What the CDC’s Updated Blood Lead Reference Value Means for Pediatric Screening
In 2021 the CDC dropped its blood lead reference value from 5 to 3.5 µg/dL. Here is what changed for pediatricians, school nurses, and parents — and what didn't.
In October 2021, the Centers for Disease Control and Prevention reduced the Blood Lead Reference Value (BLRV) from 5.0 to 3.5 µg/dL — the first revision since 2012. The change was prompted by analyses of the National Health and Nutrition Examination Survey (NHANES), which place 3.5 µg/dL at the 97.5th percentile of blood lead distribution in U.S. children aged 1–5 years. This document explains what the change does, what it does not do, and how clinical workflows should adapt.
BLRV (2021)
threshold under revision
for the BLRV
## What the BLRV is — and is not
The BLRV identifies children with blood lead levels higher than most U.S. children of the same age. It is a screening reference, not a diagnostic threshold. The CDC has consistently emphasized that no level of lead in children’s blood is safe; the literature documents cognitive, behavioral, and developmental effects at exposures below the previous 5.0 µg/dL threshold.
The 97.5th Percentile of NHANES
The BLRV is anchored to the 97.5th percentile of the NHANES blood lead distribution among children aged 1–5 years, using two pooled survey cycles. As population-level lead exposure declines over time, the percentile drifts downward — and so does the BLRV. The 2021 revision reflected pooled NHANES 2015–2018 data.
1. NHANES collects venous blood lead measurements from a nationally representative sample.
2. Two consecutive survey cycles are pooled to stabilize the percentile estimate.
3. The 97.5th percentile is rounded to the nearest 0.5 µg/dL increment.
4. CDC convenes the Lead Exposure and Prevention Advisory Committee (LEPAC) for review.
## Implications for pediatric screening
Under the revised BLRV, an estimated 500,000 additional U.S. children are now classified as having elevated blood lead levels. The clinical implication is administrative as much as it is medical: state Medicaid programs, WIC clinics, and pediatric practices must update case-management workflows.
### Confirmatory testing
A capillary (finger-stick) sample at or above 3.5 µg/dL requires confirmation by venous draw. The interval depends on the screening result.
– **3.5–9 µg/dL**: Confirm within 1–3 months.
– **10–19 µg/dL**: Confirm within 1 week–1 month.
– **20–44 µg/dL**: Confirm within 48 hours–1 week.
– **45+ µg/dL**: Confirm within 24 hours; treat as a medical emergency.
Capillary samples can be artificially elevated by lead-contaminated dust on a child’s skin. Always wash and dry the finger thoroughly before collection. A confirmatory venous draw remains essential before initiating case-management actions.
## What case-management looks like at 3.5–9 µg/dL
The lower BLRV does not introduce a new clinical treatment at low levels. There is no chelation indication below 45 µg/dL. What changes is the threshold for environmental investigation, nutritional counseling, and developmental surveillance.
Local health departments are obligated to follow up on confirmed venous results above 3.5 µg/dL, with environmental investigation typically initiated above 5 µg/dL in most state programs. Families should expect questions about housing built before 1978, soil exposure, imported pottery and spices, and occupational exposures of household members.

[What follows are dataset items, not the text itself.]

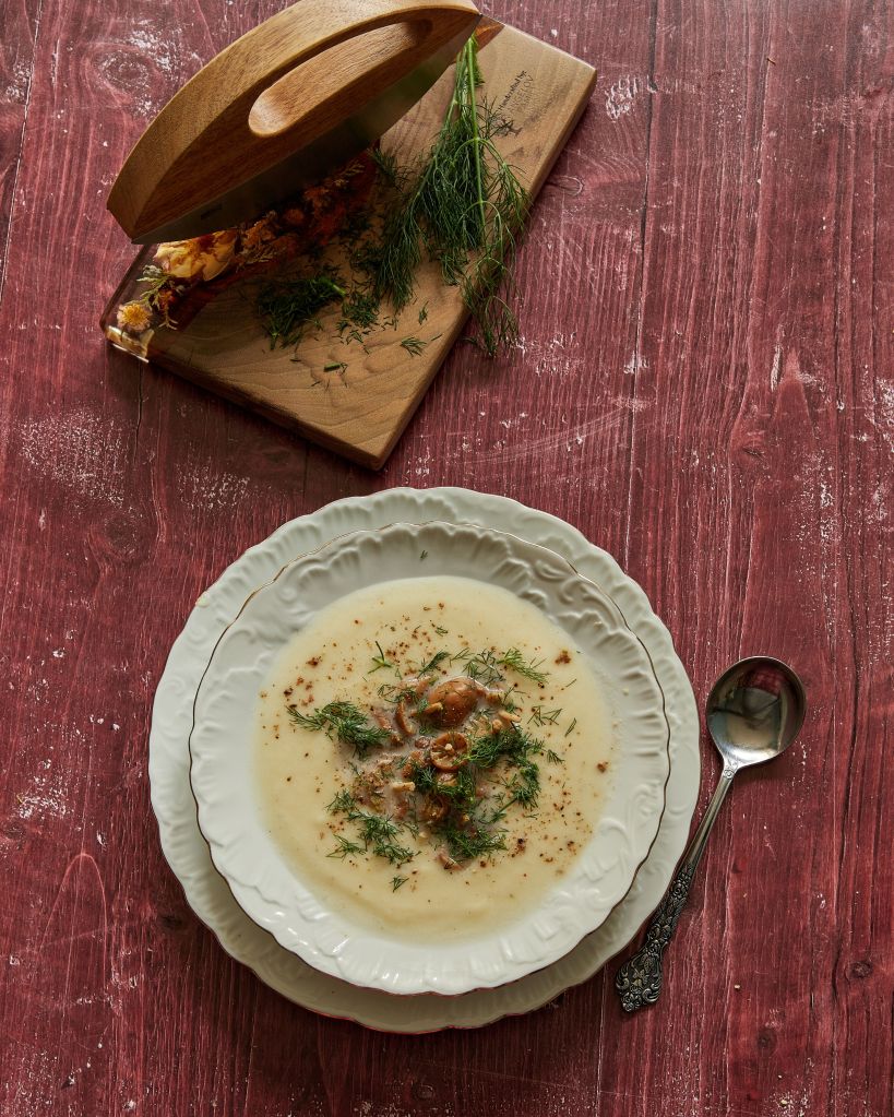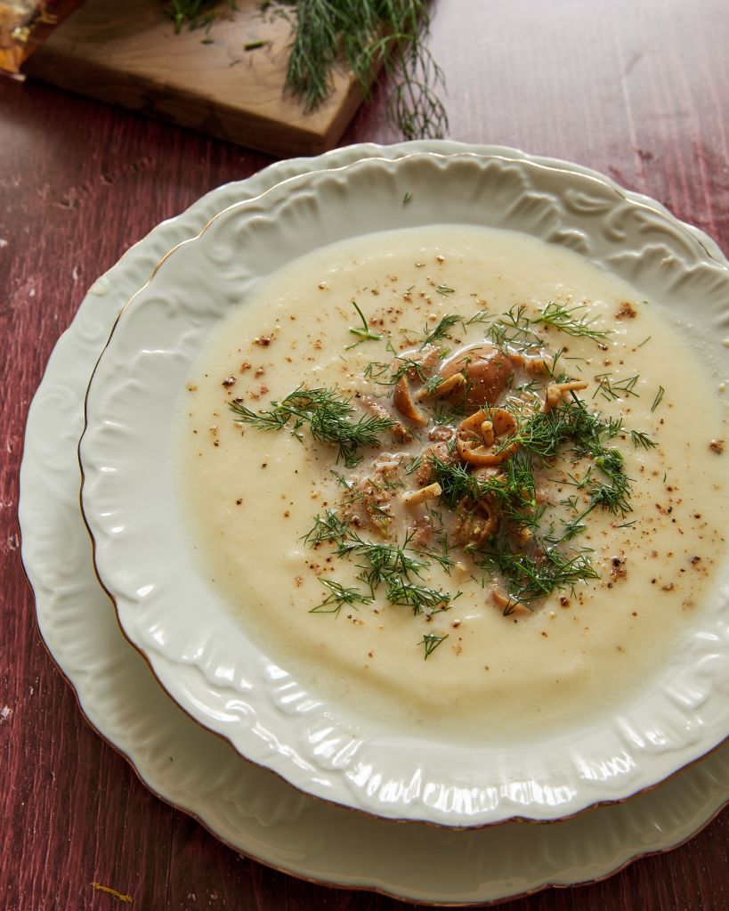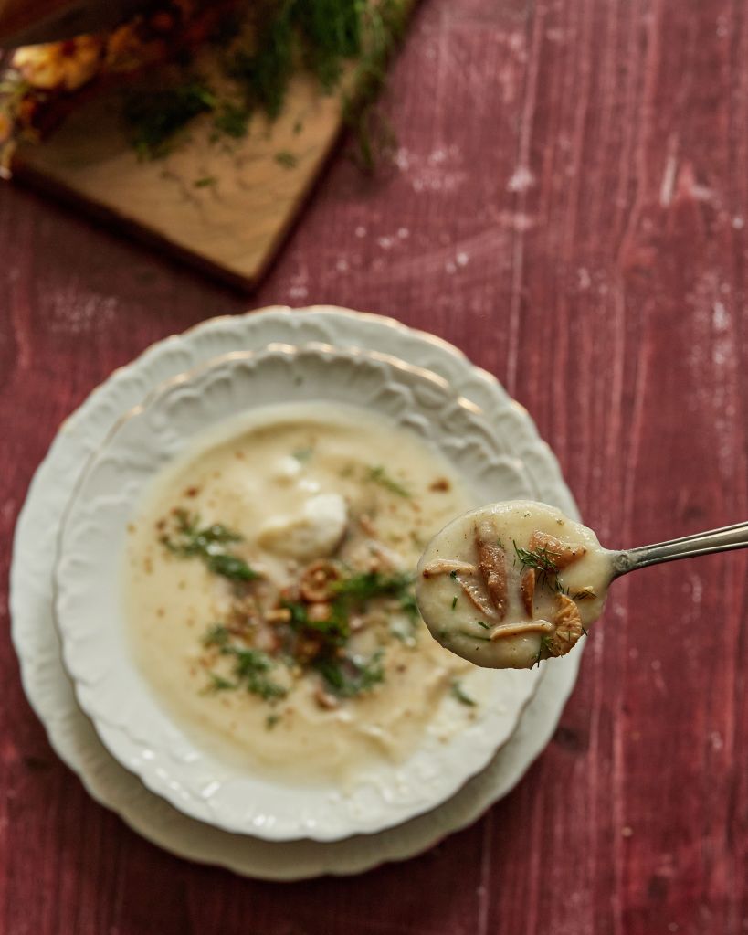 И двата продукта влязоха в тази много вкусна крем супа. Добавих шалот, сметана, малко масълце, черен пипер, сол с естрагон на Спайзинг и пресен копър. Гъбите сварих отделно и запазих цели, а всичко останало блендирах до мека кадифена консистенция.
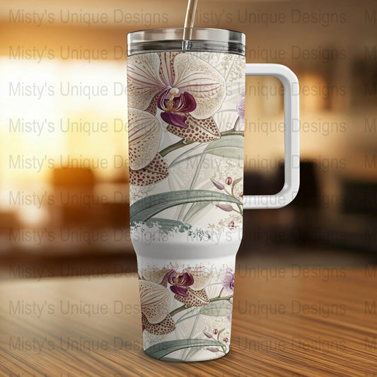 Floral Orchid Design 40oz Tumbler Wrap, Botanical Tumbler Wrap for 40oz Tumbler, Orchid Flower Wrap, Floral Tumbler Accessories
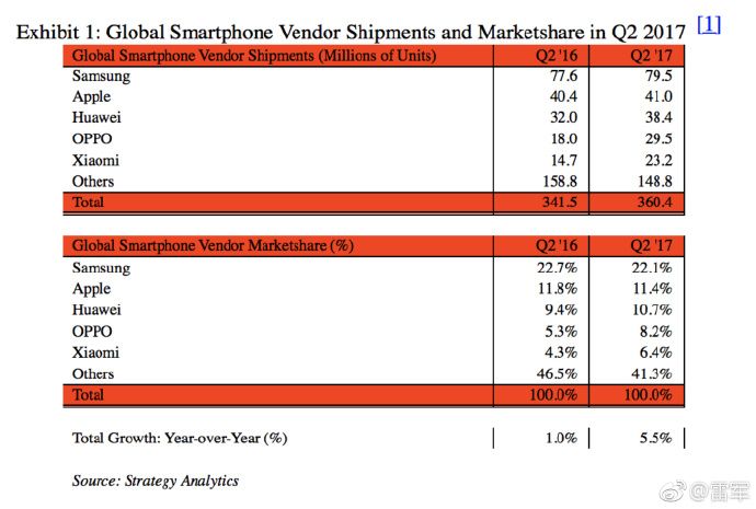 Недавно обнародованный отчет исследовательской компании Strategy Analytics показал стремительный рост продажи смартфонов компании Xiaomi во втором квартале 2017 года, что привело к возвращению производителя в топ-5 брендов по реализации устройств. Данная информация была опубликована генеральным директором Xiaomi в китайской сети Weibo. Похоже, компания начинает возвращать себе утраченные ранее позиции и постепенно восстанавливает свою долю на рынке. Так, в начале прошлого месяца были подведены итоги поставок всех отгруженных смартфонов компании, что в общей сложности составляет 23,2 млн. проданных единиц. Вследствие этого Strategy Analytics установила о занимаемой пятой позиции компанией среди прочих топовых производителей на рынке реализованных мобильных устройств, где доля Xiaomi составляет 6.4%.
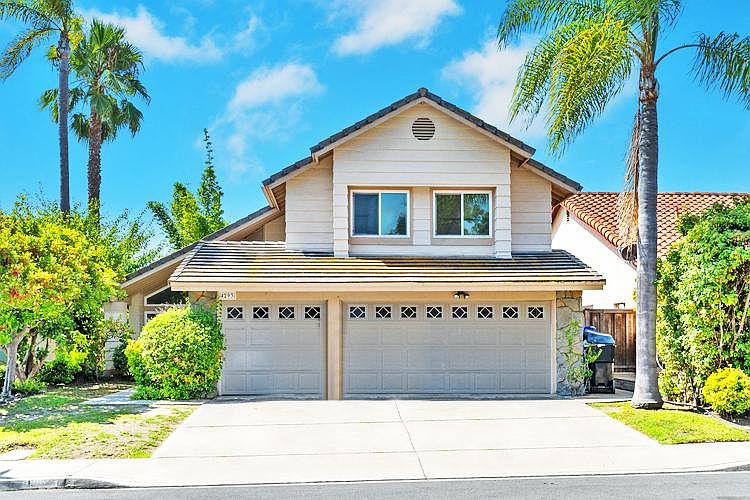 This 5-bedroom, 3-bathroom home, is ideally situated in a quiet cul-de-sac, in prime location near excellent schools, parks, and easy access to the 56 and I-5 freeways. This home offers one bedroom downstairs and the 5th bedroom can be transformed into a master bedroom's private retreat or utilized as an office space. Energy-efficient, with solar panels and an EV charger in the two-car garage. The backyard provides a serene retreat with pool & spa, perfect for relaxation and outdoor enjoyment. Solar, EV charger, refrigerator, washer & dryer, gardener and pool service provided. Available to rent as of 6/1.

References & Sources Consulted
- Centers for Disease Control and Prevention. Blood Lead Reference Value. National Center for Environmental Health; updated October 2021.
- Ruckart PZ, Jones RL, Courtney JG, et al. Update of the Blood Lead Reference Value — United States, 2021. MMWR Morb Mortal Wkly Rep. 2021;70:1509–1512.
- American Academy of Pediatrics, Council on Environmental Health. Prevention of childhood lead toxicity. Pediatrics. 2016;138(1):e20161493.
- Lanphear BP, Hornung R, Khoury J, et al. Low-level environmental lead exposure and children’s intellectual function: an international pooled analysis. Environ Health Perspect. 2005;113(7):894–899.
- Centers for Disease Control and Prevention. Recommended Actions Based on Blood Lead Level. Childhood Lead Poisoning Prevention Program; 2024.